## [ASSIGNMENT]
Everything from the line containing "Los residentes Félix" through the line containing "ПВХ окна с двойным" should be repeated exactly, and nothing else from the data.

## [SOURCE DATA]
-*-*-
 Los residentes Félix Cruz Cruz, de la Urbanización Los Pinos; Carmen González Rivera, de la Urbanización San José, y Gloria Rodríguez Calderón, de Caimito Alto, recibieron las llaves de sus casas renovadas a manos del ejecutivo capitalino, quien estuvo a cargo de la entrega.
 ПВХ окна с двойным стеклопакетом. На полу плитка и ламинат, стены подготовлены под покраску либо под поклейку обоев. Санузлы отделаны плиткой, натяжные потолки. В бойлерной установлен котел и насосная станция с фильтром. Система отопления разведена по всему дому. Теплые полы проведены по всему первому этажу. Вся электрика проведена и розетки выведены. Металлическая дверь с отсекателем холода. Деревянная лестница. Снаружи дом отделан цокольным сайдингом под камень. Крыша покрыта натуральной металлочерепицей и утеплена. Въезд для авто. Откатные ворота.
-*-*-
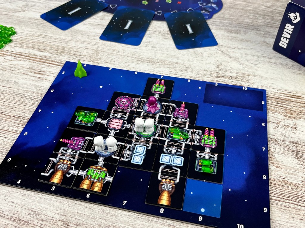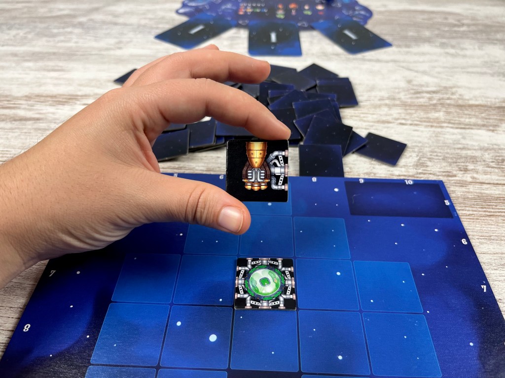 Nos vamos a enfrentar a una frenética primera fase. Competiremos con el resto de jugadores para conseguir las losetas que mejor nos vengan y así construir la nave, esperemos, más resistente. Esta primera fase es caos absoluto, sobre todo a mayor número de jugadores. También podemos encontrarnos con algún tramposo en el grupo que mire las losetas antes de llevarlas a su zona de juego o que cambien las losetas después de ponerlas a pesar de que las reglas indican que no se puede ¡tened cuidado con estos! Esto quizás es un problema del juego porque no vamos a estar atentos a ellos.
-*-*-
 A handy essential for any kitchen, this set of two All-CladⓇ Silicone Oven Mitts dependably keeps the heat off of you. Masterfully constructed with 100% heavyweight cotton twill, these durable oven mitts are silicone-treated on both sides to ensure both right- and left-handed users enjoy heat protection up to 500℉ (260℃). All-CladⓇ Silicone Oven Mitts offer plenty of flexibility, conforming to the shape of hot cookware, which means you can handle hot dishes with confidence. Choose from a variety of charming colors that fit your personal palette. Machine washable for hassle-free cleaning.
-*-*-
## [ANSWER FOR THIS EXERCISE]
 Los residentes Félix Cruz Cruz, de la Urbanización Los Pinos; Carmen González Rivera, de la Urbanización San José, y Gloria Rodríguez Calderón, de Caimito Alto, recibieron las llaves de sus casas renovadas a manos del ejecutivo capitalino, quien estuvo a cargo de la entrega.
 ПВХ окна с двойным стеклопакетом. На полу плитка и ламинат, стены подготовлены под покраску либо под поклейку обоев. Санузлы отделаны плиткой, натяжные потолки. В бойлерной установлен котел и насосная станция с фильтром. Система отопления разведена по всему дому. Теплые полы проведены по всему первому этажу. Вся электрика проведена и розетки выведены. Металлическая дверь с отсекателем холода. Деревянная лестница. Снаружи дом отделан цокольным сайдингом под камень. Крыша покрыта натуральной металлочерепицей и утеплена. Въезд для авто. Откатные ворота.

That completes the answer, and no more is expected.